Chapter 56
The detectives have been gone for hours, or perhaps minutes, perhaps days.
Kate still has not eaten and is sitting on the floor of the walk-in closet she and Ben used to share, legs bent and splayed to the side.
Ben’s dirty dress shirt is on her lap, and she is admittedly doing very poorly and probably, as the detectives suggested, should not be alone.
She lifts the shirt to her face and smells the collar, which holds the scent of Ben’s aftershave, then the body of the shirt, which smells like his deodorant and so faintly of his sweat, and she will hold this shirt forever.
She will sit here forever, pressing this shirt against her skin and inhaling, remembering what he looked like when he walked in the door on Friday evening wearing it.
“Hey,” she said to him, and he dropped his backpack onto the floor and said it back. Then they ordered Thai food for delivery and watched three episodes of their latest docuseries on Max.

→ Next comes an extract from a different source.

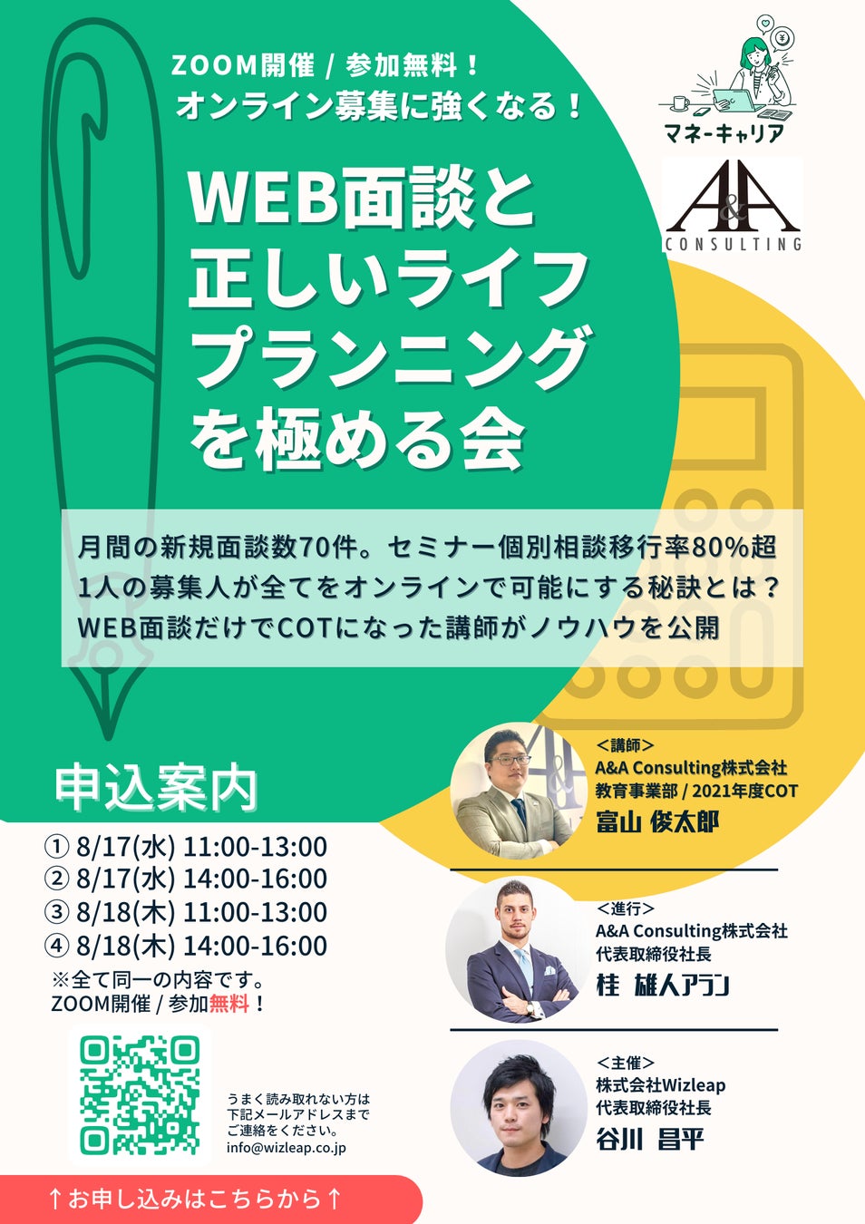 お金の相談プラットフォーム「マネーキャリア」を運営する株式会社Wizleap(東京都渋谷区、代表取締役 谷川昌平)は、2022年8月17日(水)、8月18日(木)にオンライン配信の業界最大級の金融セールス向けセミナー「オンライン募集に強くなる!WEB面談と正しいライフプランニングを極める会」を実施しましたことを報告いたします。

If Kate had known that was the last night she’d have with her husband, she would have done things differently.
There was the clichéd suggestion that a person should live every day as though it was her last. But such a suggestion ignores life’s necessary mundanities and unavoidable irritations.
It ignores the fact that sometimes, one’s husband will seem insufferable.
Their stilted Friday night together, their argument on Saturday afternoon—that was marriage.
And theirs was a good one, overall. Not without cracks, but something solid, something on which she could lean.
Not anymore. Ben is dead. All that remains are memories and things. And the fact that if Kate had agreed to go down to DC for dinner with their friends, like Ben had wanted, maybe he would still be here.
Kate hears something then, and fear slices through her and pools in her gut.
But it’s nothing being shattered, nor is it the sharp knocks of the detectives at her front door.
The sound is tinny, dull, metronomic—just her phone, vibrating, spinning itself dizzy on whatever surface she left it resting on.
She doesn’t know who’s calling, and she doesn’t care. There’s no one she wants to talk to.
After the police left her house, they didn’t climb into a sedan and drive away.
They walked along the sidewalk, toward the house to the right of Kate’s.
Later, she noticed them crossing the street.
She noticed other officers, uniformed, departing marked vehicles.
She assumes they’re still here, in her neighborhood.
She wonders whether they have interviewed Henry yet—the strange man across the street.
She thinks of the way he so often appeared when she was leaving for a walk.
On Friday, he was there when she returned, with an icy drink in his hand.
She could tell that he thought it was a kind gesture.
And that he was so oblivious to how frightening it was, how it made him seem like a hunter, a watcher, makes her wonder if he’s not just a strange young man who loves to read, who still lives with his parents, who may not have a job, who never did tell her whether he does.
He may be something far more dangerous. Something she should have raised with the police.
She’ll do it. Next time they come, she’ll tell them about him. She should have told them last night, his unsettling and persistent approach so proximate to Ben’s death, but she isn’t thinking clearly.
Nor has she told them about her manuscript. Her manuscript about a wife who murders her husband.
But Troy wasn’t stabbed. And it’s fiction.
She wants to scream this at no one. At the same time, she doesn’t want to think about her manuscript ever again.
Despite everything, she feels a tiny cooling sense of relief, understanding that now she will scrap it.
She will never finish that book. How could she, after what’s happened?
It has betrayed her, her book. Her own words.
It was supposed to be fiction. Now look what she’s done.
Kate likes it in the closet. It’s windowless and mostly dark, light off, only a faint glow trickling in from the windows in the bathroom. Not too much, because the sky outside is still gray, rain still falling. Kate can hear it pelting the skylight in her bathroom.
She decides to put on Ben’s shirt. It’s silky against her bare forearms. She lowers herself down to the hard floor, grabbing a sweater, hers, that had fallen from a shelf, to tuck beneath her head.
She buries her feet into a sweatshirt, Ben’s, then curls her knees into her chest. She closes her eyes, and although she knows that she should be scared and alert and prepared, she feels safe.
Safer than she has since the moment she discovered Ben on their patio, the seeping wounds in his chest. She doesn’t know that after the detectives left, she failed to lock her front door.
She doesn’t know that, on Monday morning, this is how Henry will find her.